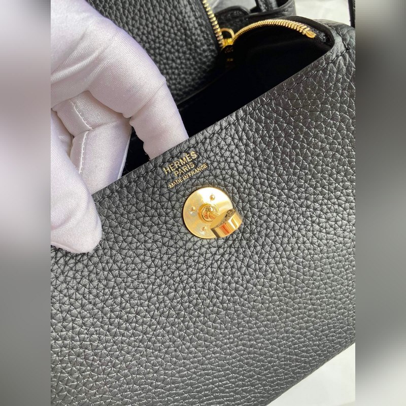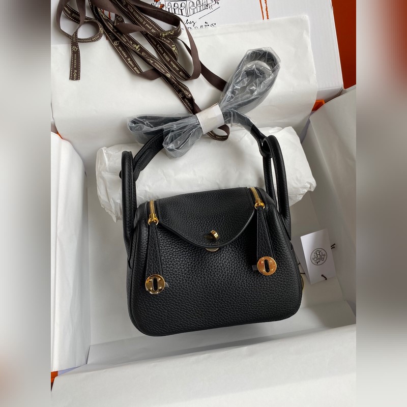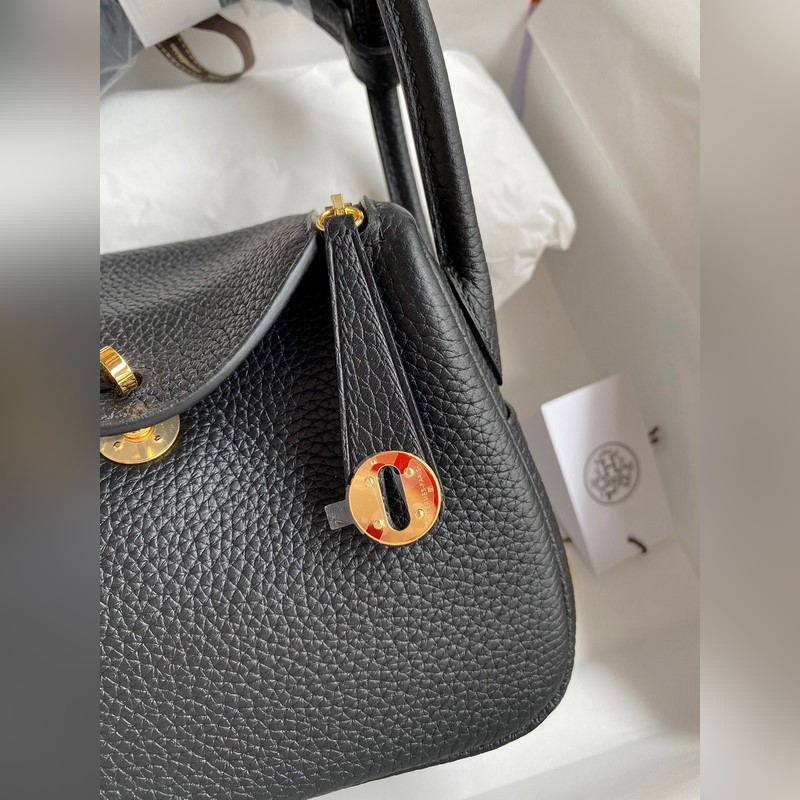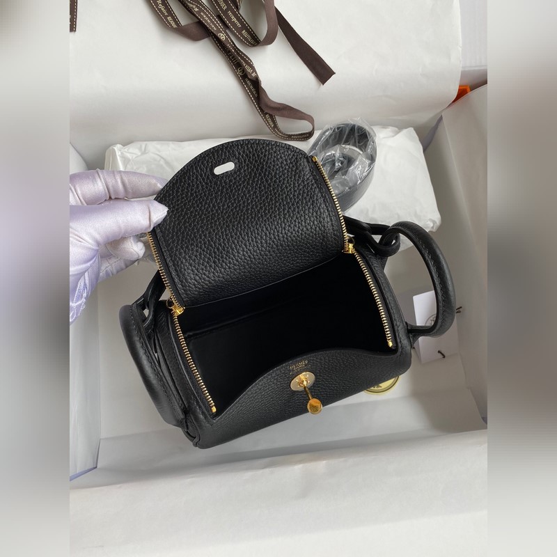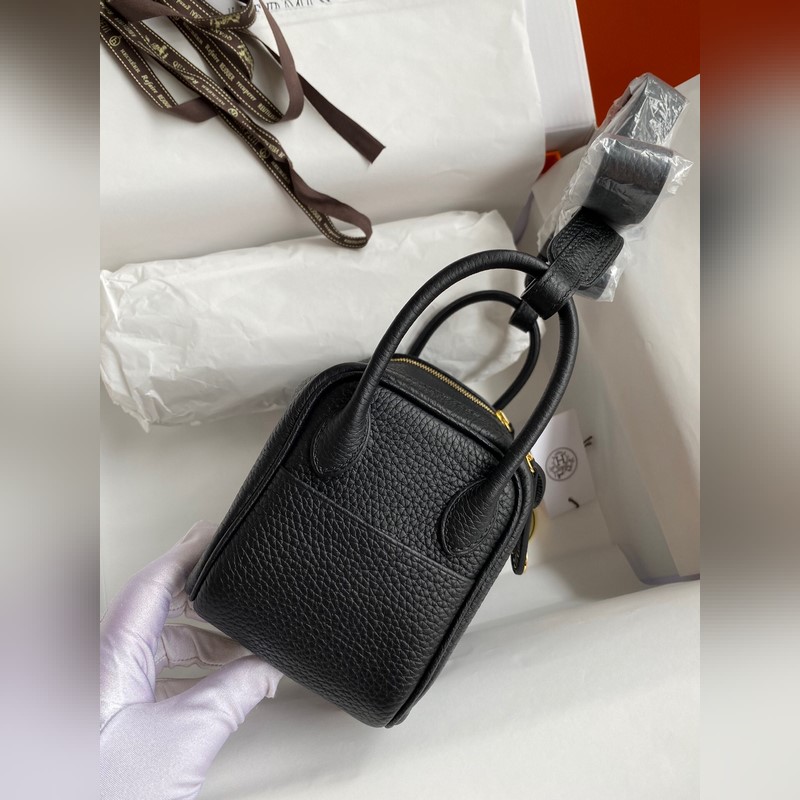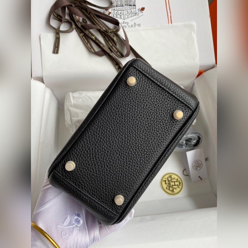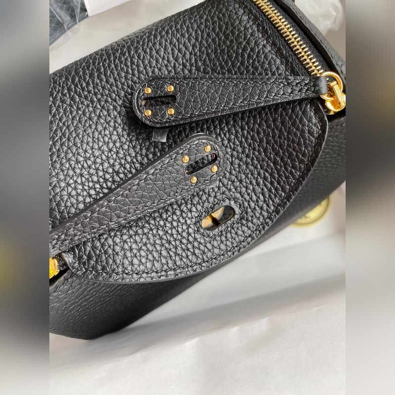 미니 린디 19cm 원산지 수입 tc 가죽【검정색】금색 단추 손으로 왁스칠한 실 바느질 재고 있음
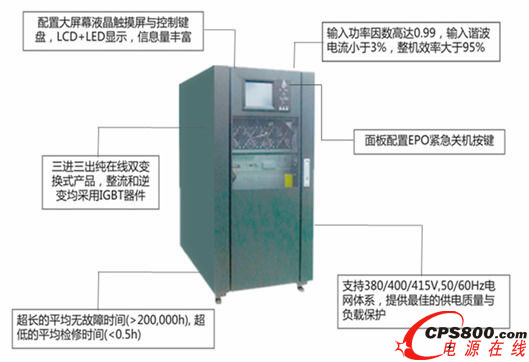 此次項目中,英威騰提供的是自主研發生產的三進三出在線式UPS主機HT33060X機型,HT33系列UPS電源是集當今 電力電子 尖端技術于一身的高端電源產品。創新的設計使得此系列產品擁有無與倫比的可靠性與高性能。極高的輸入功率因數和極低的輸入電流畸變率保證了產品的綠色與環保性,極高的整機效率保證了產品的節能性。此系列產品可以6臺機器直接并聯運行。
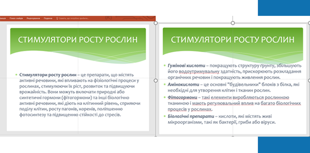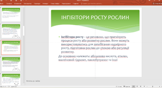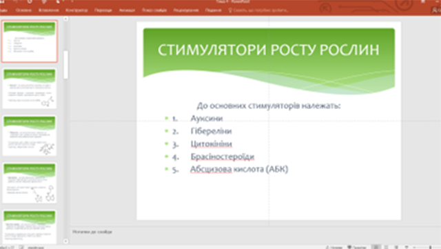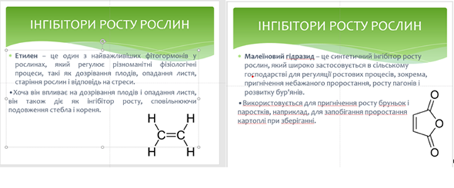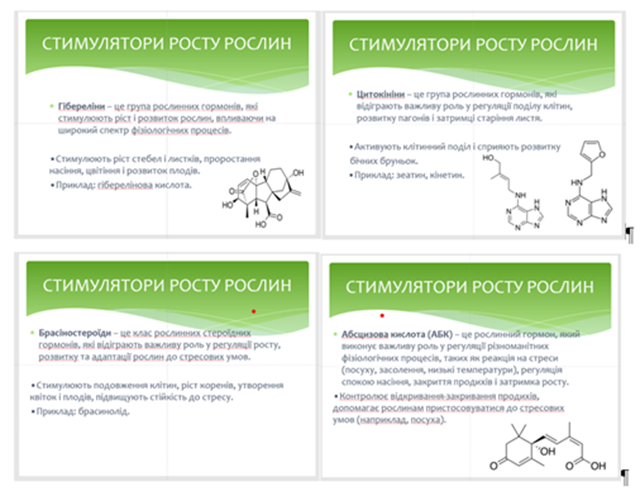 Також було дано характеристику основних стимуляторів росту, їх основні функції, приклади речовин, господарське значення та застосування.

The task ▸
Pictures aside, repeat every line of the data above exactly.

Answer to the exercise ▸
 미니 린디 19cm 원산지 수입 tc 가죽【검정색】금색 단추 손으로 왁스칠한 실 바느질 재고 있음
 此次項目中,英威騰提供的是自主研發生產的三進三出在線式UPS主機HT33060X機型,HT33系列UPS電源是集當今 電力電子 尖端技術于一身的高端電源產品。創新的設計使得此系列產品擁有無與倫比的可靠性與高性能。極高的輸入功率因數和極低的輸入電流畸變率保證了產品的綠色與環保性,極高的整機效率保證了產品的節能性。此系列產品可以6臺機器直接并聯運行。
 Також було дано характеристику основних стимуляторів росту, їх основні функції, приклади речовин, господарське значення та застосування.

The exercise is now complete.